What to do: Beginning with the line containing "papercrush® Carte pop" and ending at the last line of the records, transcribe each line exactly. Do not include pictures.

Records from a collection:

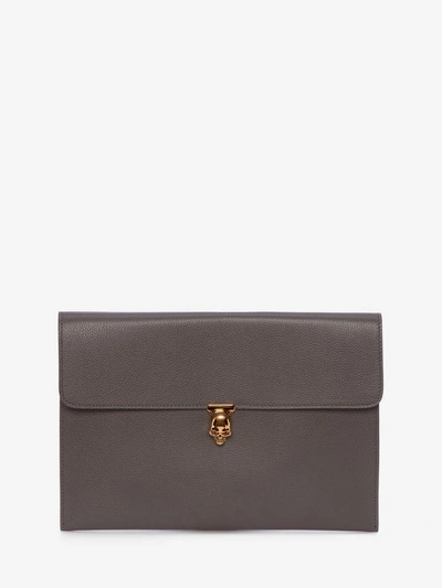 Alexander McQueen Metallic Skull Closure Envelope Clutch Grey Very well made.
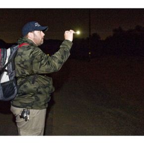 It's a clear October night, just days from a full moon. My heart speeding up a bit, I follow a black SUV into the Santa Ana Mountains with photographer Isaac Arjonilla in my passenger seat. Lights from Lake Forest fade away as we wind our way along Santiago Canyon Road.
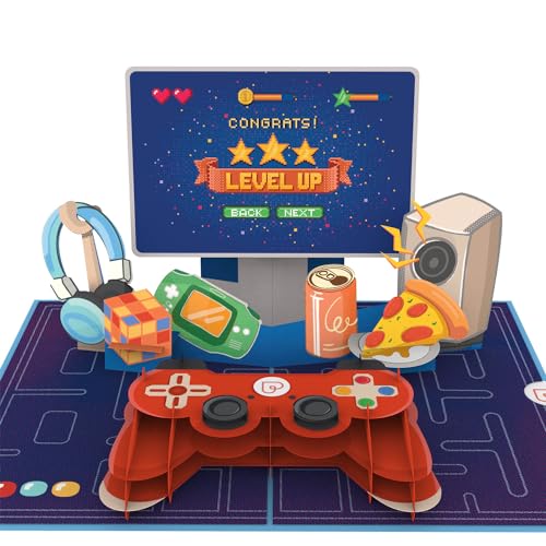 papercrush® Carte pop up « Level Up » - Carte d'anniversaire 3D amusante, Carte cadeau pour joueurs (garçons, petit ami), Bon cadeau anniversaire homme pour console de jeux et accessoires de jeu et PC
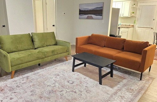 Relax and unwind in the cozy open-concept living space, featuring plush seating, a smart TV, and plenty of natural light. Whether you're enjoying a movie night or simply relaxing after a long day of exploring, this space is designed for comfort and connection.
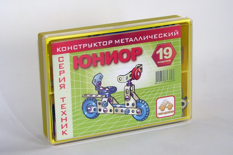 Упаковка конструктора - пластмассовая коробка с прозрачной крышкой.
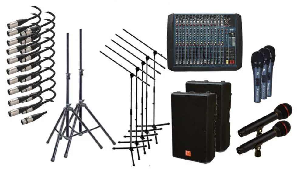 HT-P12V1, hangosító alapcsomag 3 mikrofonnal, 6 csatornás effektprocesszoros keverővel, 12 collos hangfalakkal

Result:
 papercrush® Carte pop up « Level Up » - Carte d'anniversaire 3D amusante, Carte cadeau pour joueurs (garçons, petit ami), Bon cadeau anniversaire homme pour console de jeux et accessoires de jeu et PC
 Relax and unwind in the cozy open-concept living space, featuring plush seating, a smart TV, and plenty of natural light. Whether you're enjoying a movie night or simply relaxing after a long day of exploring, this space is designed for comfort and connection.
 Упаковка конструктора - пластмассовая коробка с прозрачной крышкой.
 HT-P12V1, hangosító alapcsomag 3 mikrofonnal, 6 csatornás effektprocesszoros keverővel, 12 collos hangfalakkal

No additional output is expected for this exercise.